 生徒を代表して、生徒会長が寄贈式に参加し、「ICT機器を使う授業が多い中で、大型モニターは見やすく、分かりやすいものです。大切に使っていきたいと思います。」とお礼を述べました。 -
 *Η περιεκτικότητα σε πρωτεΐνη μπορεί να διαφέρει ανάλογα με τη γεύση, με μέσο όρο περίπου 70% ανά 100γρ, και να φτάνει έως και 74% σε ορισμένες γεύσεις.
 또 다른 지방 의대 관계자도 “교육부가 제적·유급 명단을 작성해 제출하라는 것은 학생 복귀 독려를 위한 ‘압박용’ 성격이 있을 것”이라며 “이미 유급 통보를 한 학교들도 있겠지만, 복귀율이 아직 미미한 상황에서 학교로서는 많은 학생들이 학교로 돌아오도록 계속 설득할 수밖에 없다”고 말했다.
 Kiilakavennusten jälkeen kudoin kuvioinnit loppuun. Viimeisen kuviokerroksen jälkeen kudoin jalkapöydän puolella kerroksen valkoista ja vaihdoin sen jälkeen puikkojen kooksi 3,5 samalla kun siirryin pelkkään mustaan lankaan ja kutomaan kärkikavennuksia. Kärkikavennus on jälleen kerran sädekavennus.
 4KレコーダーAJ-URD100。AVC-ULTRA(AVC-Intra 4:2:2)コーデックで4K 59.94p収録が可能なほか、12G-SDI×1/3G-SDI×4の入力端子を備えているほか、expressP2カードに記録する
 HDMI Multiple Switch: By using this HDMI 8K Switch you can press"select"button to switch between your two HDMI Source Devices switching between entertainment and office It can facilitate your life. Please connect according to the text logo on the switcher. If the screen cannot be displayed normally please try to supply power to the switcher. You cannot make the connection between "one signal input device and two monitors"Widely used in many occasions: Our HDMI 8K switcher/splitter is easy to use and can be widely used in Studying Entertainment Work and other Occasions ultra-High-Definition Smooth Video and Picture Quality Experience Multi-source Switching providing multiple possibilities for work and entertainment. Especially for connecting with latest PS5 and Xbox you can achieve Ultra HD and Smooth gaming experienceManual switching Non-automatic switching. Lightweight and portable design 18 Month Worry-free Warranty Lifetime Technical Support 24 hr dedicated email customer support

---*---

Exercise directions: An exact repeat of all the entries above is required.

Output of the task:
 生徒を代表して、生徒会長が寄贈式に参加し、「ICT機器を使う授業が多い中で、大型モニターは見やすく、分かりやすいものです。大切に使っていきたいと思います。」とお礼を述べました。 -
 *Η περιεκτικότητα σε πρωτεΐνη μπορεί να διαφέρει ανάλογα με τη γεύση, με μέσο όρο περίπου 70% ανά 100γρ, και να φτάνει έως και 74% σε ορισμένες γεύσεις.
 또 다른 지방 의대 관계자도 “교육부가 제적·유급 명단을 작성해 제출하라는 것은 학생 복귀 독려를 위한 ‘압박용’ 성격이 있을 것”이라며 “이미 유급 통보를 한 학교들도 있겠지만, 복귀율이 아직 미미한 상황에서 학교로서는 많은 학생들이 학교로 돌아오도록 계속 설득할 수밖에 없다”고 말했다.
 Kiilakavennusten jälkeen kudoin kuvioinnit loppuun. Viimeisen kuviokerroksen jälkeen kudoin jalkapöydän puolella kerroksen valkoista ja vaihdoin sen jälkeen puikkojen kooksi 3,5 samalla kun siirryin pelkkään mustaan lankaan ja kutomaan kärkikavennuksia. Kärkikavennus on jälleen kerran sädekavennus.
 4KレコーダーAJ-URD100。AVC-ULTRA(AVC-Intra 4:2:2)コーデックで4K 59.94p収録が可能なほか、12G-SDI×1/3G-SDI×4の入力端子を備えているほか、expressP2カードに記録する
 HDMI Multiple Switch: By using this HDMI 8K Switch you can press"select"button to switch between your two HDMI Source Devices switching between entertainment and office It can facilitate your life. Please connect according to the text logo on the switcher. If the screen cannot be displayed normally please try to supply power to the switcher. You cannot make the connection between "one signal input device and two monitors"Widely used in many occasions: Our HDMI 8K switcher/splitter is easy to use and can be widely used in Studying Entertainment Work and other Occasions ultra-High-Definition Smooth Video and Picture Quality Experience Multi-source Switching providing multiple possibilities for work and entertainment. Especially for connecting with latest PS5 and Xbox you can achieve Ultra HD and Smooth gaming experienceManual switching Non-automatic switching. Lightweight and portable design 18 Month Worry-free Warranty Lifetime Technical Support 24 hr dedicated email customer support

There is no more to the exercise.